Several high-profile musicians lend their talents to a pair of benefits for eminently worthy causes next week. Wednesday, May 28, at the Backyard, Ray Benson, Jimmie Vaughan, Bonnie Raitt, and "Miss Rhythm & Blues" Ruth Brown do their part to raise money for the 2003 Rhythm & Blues Foundation Pioneer Honorees: Clarence "Frogman" Henry, Koko Taylor, the Supremes, the Del Vikings, the Dixie Cups, George Clinton, Maceo Parker, Houston native Johnny Nash, and the family of Jackie Wilson. Founded in 1988, the nonprofit foundation provides financial support for R&B and Motown musicians from the Forties through the Seventies. Benson, who organized the benefit and sits on the foundation's board, has a solo album, Beyond Time, due next month.

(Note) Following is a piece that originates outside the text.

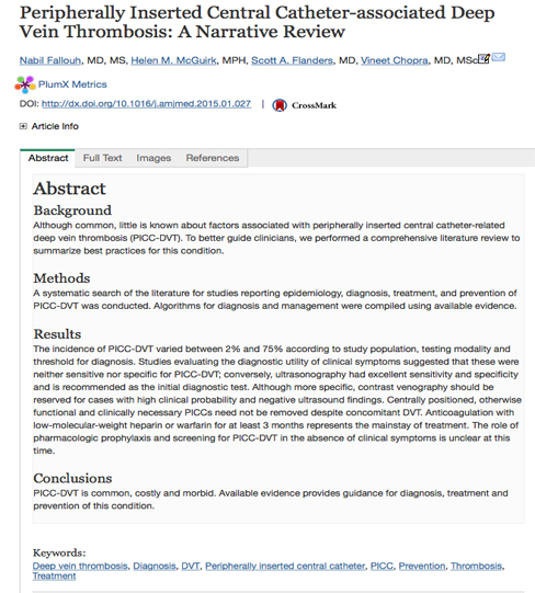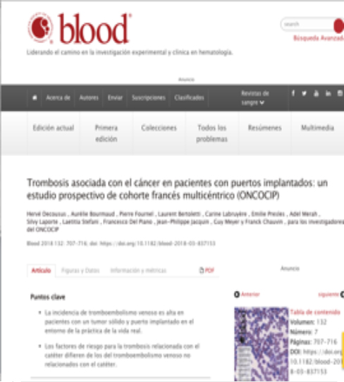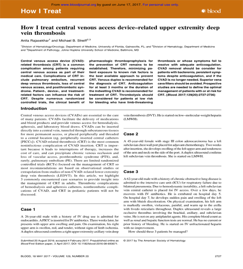 El artículo firmado por Rajasekhar A y Streiff M (Blood, 2017) es otro excelente y ameno artículo de revisión, este sí, centrado en las complicaciones trombóticas de los pacientes portadores de catéter venoso central (CVC), aunque no específicamente de población oncológica. El artículo está liderado por el Dr. Michael Streiff de la Universidad Johns Hopkins de Baltimore (EUA), centro pionero en programas de prevención y tratamiento de la enfermedad tromboembólica venosa. El mismo autor lidera las guías clínicas de trombosis de la National Comprehensive Cancer Network (NCCN). El artículo también combina el rigor científico con sugerencias y planteamientos con sentido común práctico que resultan de gran interés para los clínicos.

Tickets start at $35. The next night at La Zona Rosa, Texas heroes Delbert McClinton and Marcia Ball join Canadian singer-songwriter and Austin favorite Fred Eaglesmith for the Avon Foundation's "Kiss Goodbye to Breast Cancer" benefit. Proceeds go to the Breast Cancer Resource Center of Austin, an organization started in 1995 to provide support, education, and information to women diagnosed with breast cancer, as well as their friends and families. Tickets are $50. Tickets for both shows are available through Star Tickets at 469-SHOW. Dig deep.